Exercise description: Leave out every picture, and output exactly the lines from the line containing "Hybrid Tea. Lavender, red" through the last line of the data.

*** Opening Supplied material ***

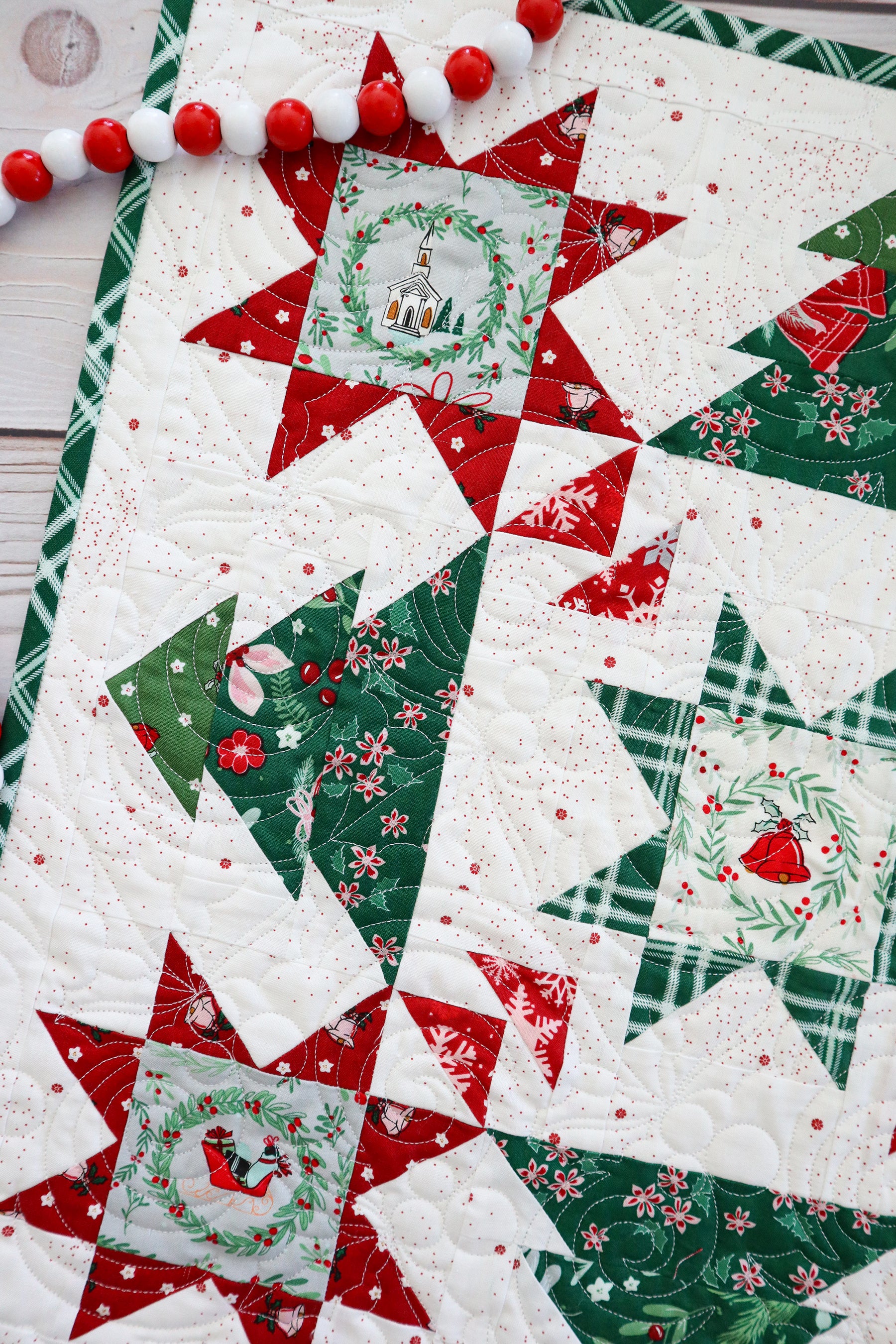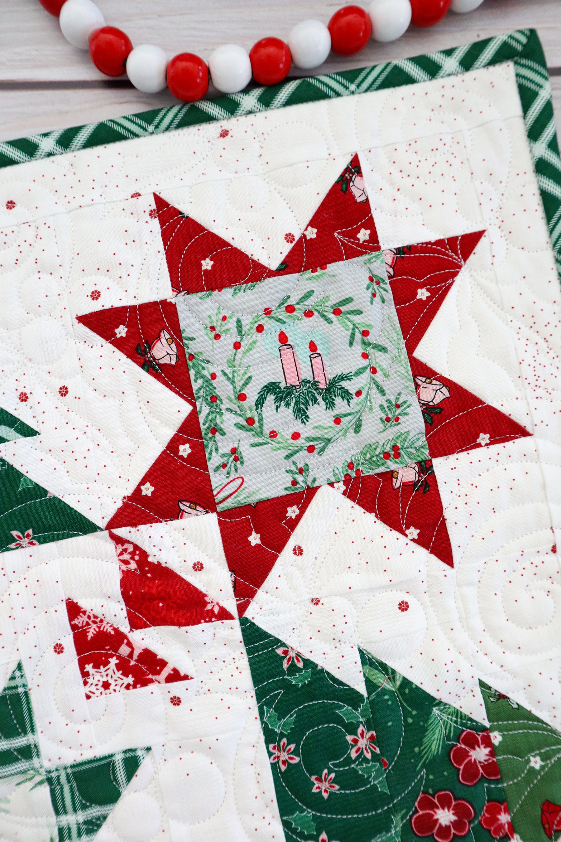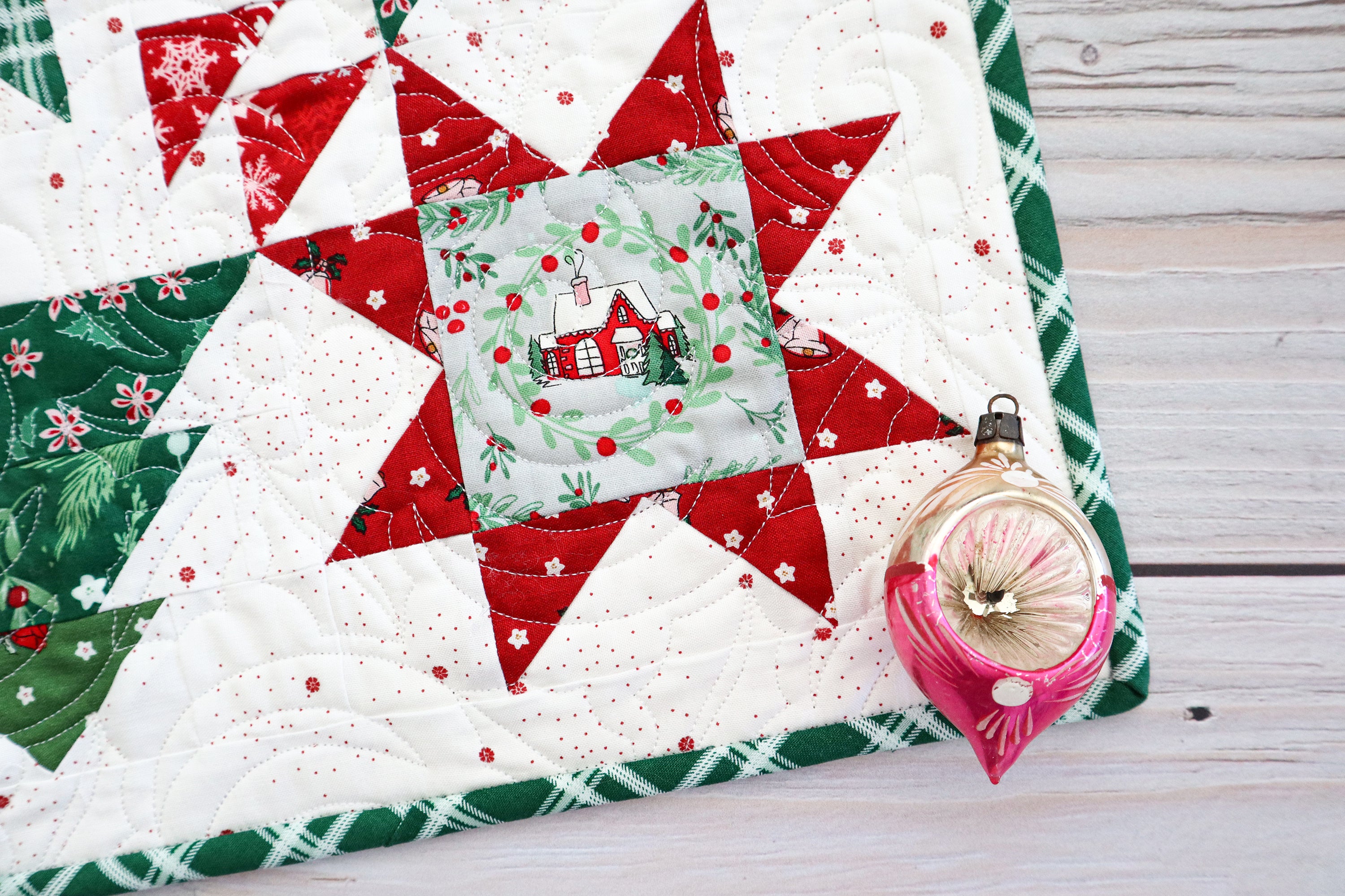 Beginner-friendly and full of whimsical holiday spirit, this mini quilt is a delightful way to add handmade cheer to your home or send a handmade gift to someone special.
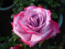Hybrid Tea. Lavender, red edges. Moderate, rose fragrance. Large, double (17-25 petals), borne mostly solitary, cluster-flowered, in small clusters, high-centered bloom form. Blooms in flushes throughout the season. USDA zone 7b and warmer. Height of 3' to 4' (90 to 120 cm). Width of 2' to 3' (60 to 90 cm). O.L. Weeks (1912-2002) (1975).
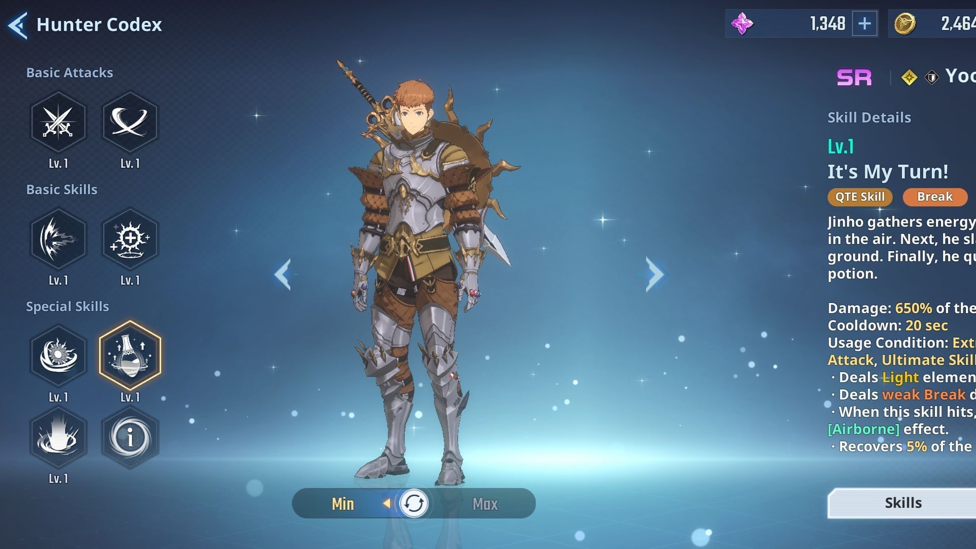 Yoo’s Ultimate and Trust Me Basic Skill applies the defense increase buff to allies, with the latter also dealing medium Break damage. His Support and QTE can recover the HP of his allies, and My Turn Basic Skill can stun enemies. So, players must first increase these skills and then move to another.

*** Closing Supplied material ***

Response box:
Hybrid Tea. Lavender, red edges. Moderate, rose fragrance. Large, double (17-25 petals), borne mostly solitary, cluster-flowered, in small clusters, high-centered bloom form. Blooms in flushes throughout the season. USDA zone 7b and warmer. Height of 3' to 4' (90 to 120 cm). Width of 2' to 3' (60 to 90 cm). O.L. Weeks (1912-2002) (1975).
 Yoo’s Ultimate and Trust Me Basic Skill applies the defense increase buff to allies, with the latter also dealing medium Break damage. His Support and QTE can recover the HP of his allies, and My Turn Basic Skill can stun enemies. So, players must first increase these skills and then move to another.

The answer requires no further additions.